DATASET CONTENT:
>>>
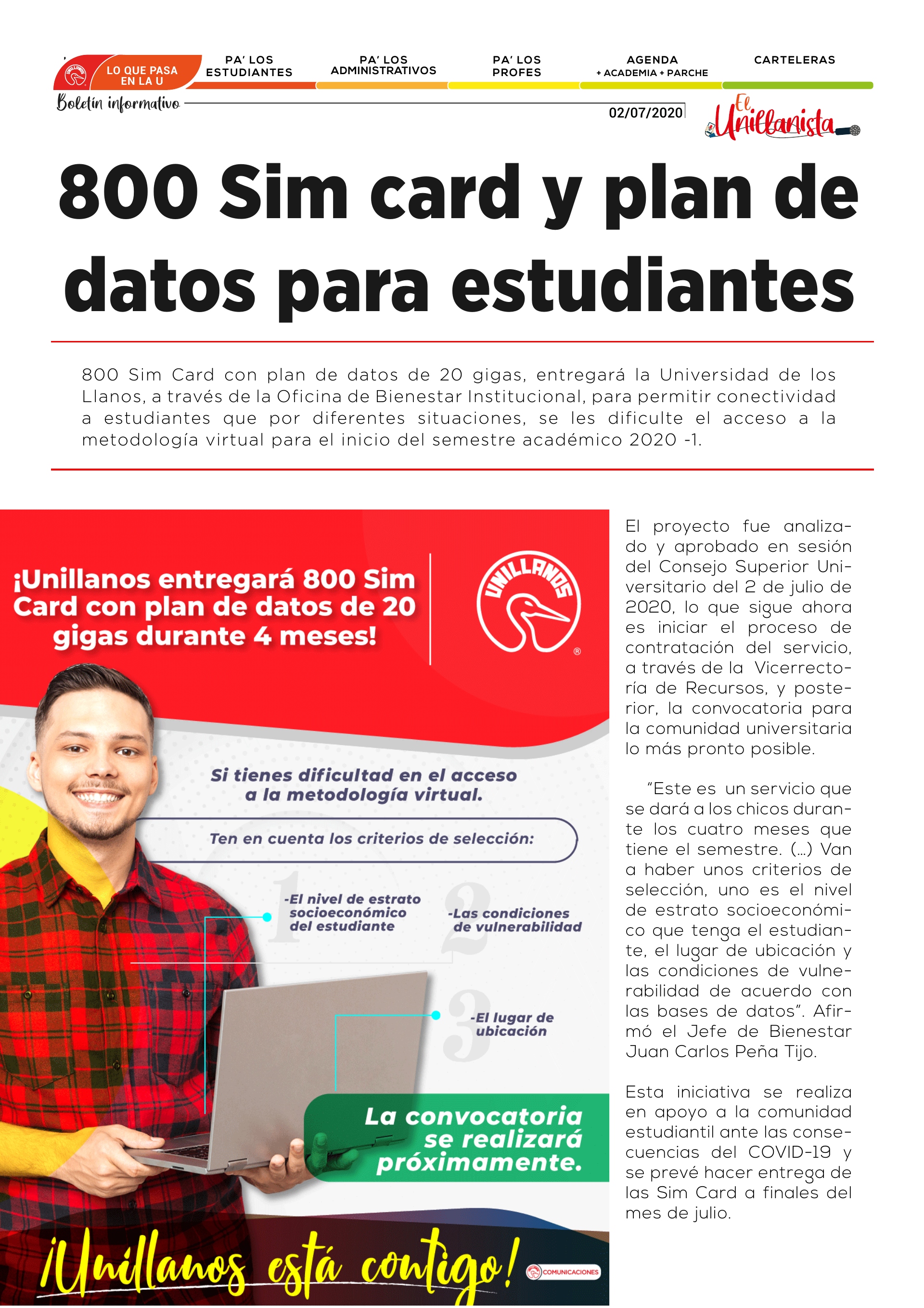 Unillanos apoya la conectividad de estudiantes mediante Sim Card con plan de datos
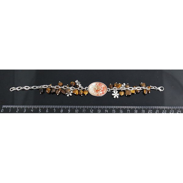Браслет с кабошоном из пластика "два цветка", овал 25х18мм, цвет красный, + шарики тигровый глаз
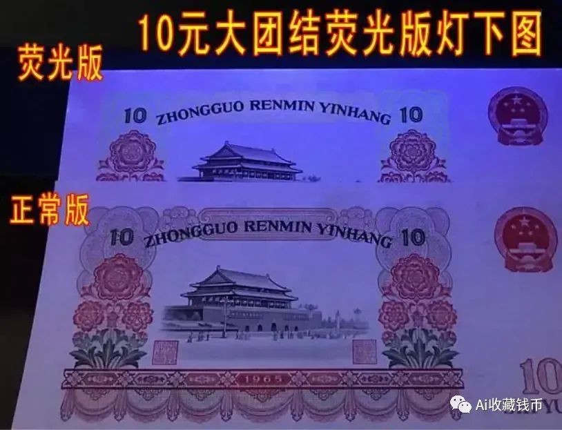 此外,还存在一种稀缺的荧光版纸币,有花开富贵,花好月圆等。由于发行数量较少,其收藏价值普遍较高,是普通的2至3倍。荧光版纸币可以使用紫光灯照射来进行区分。然而,在收藏过程中,不论是二罗马版还是三罗马版的10元大团结,收藏者都需要仔细区分和鉴别纸币的真伪以及品相的好坏。只有选择品相好的纸币,才能使得收藏的空间更加广阔。
<<<
WHAT YOU ARE ASKED TO DO: Beginning with the line that includes "Браслет с кабошоном" and ending with the last line of the material, reproduce those lines exactly and nothing else, with no pictures.

OUTPUT FOR THIS EXERCISE:
Браслет с кабошоном из пластика "два цветка", овал 25х18мм, цвет красный, + шарики тигровый глаз
 此外,还存在一种稀缺的荧光版纸币,有花开富贵,花好月圆等。由于发行数量较少,其收藏价值普遍较高,是普通的2至3倍。荧光版纸币可以使用紫光灯照射来进行区分。然而,在收藏过程中,不论是二罗马版还是三罗马版的10元大团结,收藏者都需要仔细区分和鉴别纸币的真伪以及品相的好坏。只有选择品相好的纸币,才能使得收藏的空间更加广阔。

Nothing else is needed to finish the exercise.